Rick GaglianoOn December 5, 2008 at 10:46 am Said:
You’ve got to be kidding! eBay is going to cry about Big Box retailers shutting out small merchants, when all they’ve done over the past year is try to kill every small merchant on their site. Seriously, 15%, plus PayPal fees for every transaction is a bit much to take, isn’t it.
eBay is going to find out just how difficult the recession/depression environment really is when they report 1st quarter results. Make it easy and REASONABLE to list on ebay and you won’t have to lobby congress. Get a brain!
DaveOn December 5, 2008 at 2:01 pm Said:
Are you kidding me ebay now wants to complain. Sorry ebay get your act together you are throwing the small sellers off the site left and right and now you want to complain about the big boys not playing fair with you?
I sold on ebay for over 6 years and thanks to all the rediculas changes and your fee hikes I no longer sell on ebay. Ebay stated they want the bigger retailers on the site and not the little guys.
Ebay has lost a lot of sellers and they have lost a lot of buyers when those sellers left. Sellers are buyers too. I haven’t bought or sold anything on ebay since Febuary when they announced all the changes. You lost me as a seller and a buyer.
Do us small sellers a favor ebay stop using us as an example as how your getting hurt by the big retailers you treated us the same way the big retailers are treating you. What did JD say the site looked like a garage sale? We the sellers were all just a bunch of noise? Well as it looks now ebay is losing a lot of traffic and its not because of the big retailers hurting you its because you trashed your own sellers.

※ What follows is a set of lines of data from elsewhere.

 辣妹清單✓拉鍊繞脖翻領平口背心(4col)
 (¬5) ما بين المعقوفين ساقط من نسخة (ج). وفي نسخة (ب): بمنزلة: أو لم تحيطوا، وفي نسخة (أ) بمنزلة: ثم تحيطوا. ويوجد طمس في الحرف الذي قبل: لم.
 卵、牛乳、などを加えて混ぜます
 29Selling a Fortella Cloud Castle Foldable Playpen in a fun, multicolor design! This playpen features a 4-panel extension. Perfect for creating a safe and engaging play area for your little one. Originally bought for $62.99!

Stop talking out of both sides of your mouth ebay.
PAROn December 5, 2008 at 2:49 pm Said:
I couldn’t believe the video I saw where Ebay was actually trotting out us small sellers in order to plead their case. I thought – what nerve!! Now, I see I’m not alone in that thinking. I hope somebody sets Washington straight as to the real Ebay – the Ebay it has become this year. I’m another disgruntled 10 year seller who now sells elsewhere!

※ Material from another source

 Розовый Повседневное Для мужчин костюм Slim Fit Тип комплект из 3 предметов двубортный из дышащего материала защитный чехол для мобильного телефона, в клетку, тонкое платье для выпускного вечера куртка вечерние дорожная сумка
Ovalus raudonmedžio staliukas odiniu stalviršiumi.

MaryOn December 6, 2008 at 4:21 pm Said:
This is absolutely insulting to us, the small sellers. Ebay began and has continued a steady effort to rid itself of us. There have been so many who depended on the profits from the business that they invested their time, sweat and money in, only to have ebay destroy it, take it away without recourse and have the callousness to call in noise.

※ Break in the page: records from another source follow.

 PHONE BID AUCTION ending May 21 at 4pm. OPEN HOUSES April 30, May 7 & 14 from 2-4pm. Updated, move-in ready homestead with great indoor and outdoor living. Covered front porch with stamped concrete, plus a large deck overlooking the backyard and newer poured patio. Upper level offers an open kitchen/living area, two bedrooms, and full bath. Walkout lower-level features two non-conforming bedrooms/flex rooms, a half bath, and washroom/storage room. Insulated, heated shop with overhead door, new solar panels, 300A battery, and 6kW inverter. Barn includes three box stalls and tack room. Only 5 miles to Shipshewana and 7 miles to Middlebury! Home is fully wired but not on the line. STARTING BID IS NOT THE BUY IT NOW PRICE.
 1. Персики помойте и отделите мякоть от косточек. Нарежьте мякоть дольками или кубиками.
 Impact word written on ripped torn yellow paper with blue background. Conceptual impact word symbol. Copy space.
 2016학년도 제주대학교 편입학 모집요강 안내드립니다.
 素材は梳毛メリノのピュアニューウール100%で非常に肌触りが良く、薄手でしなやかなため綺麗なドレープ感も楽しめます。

Ebay could have had both. The small sellers with their unique items, the basis and the driving force behind this company and built a separate ‘division’ to accomodate the big box sellers. The added benefit would have been-ebay could have been the ‘good guys’ by providing what they are ‘claiming’ now in this video. It would have been the RIGHT THING TO DO. The way things are looking, it’s appearing that they may end up with neither. And they would be deserving of that result. It’s called Kharma.
In this time of economic hardship, their actions have been cold, harsh and cruel to many, all resulting in the destruction of their livliehoods.
Ebay has earned all the fallout from what they have created. Greed never results in anything worth having. However, they have incredibley huge ’stones’ to ask those whom they have stepped on and walked over, to now come to their defense!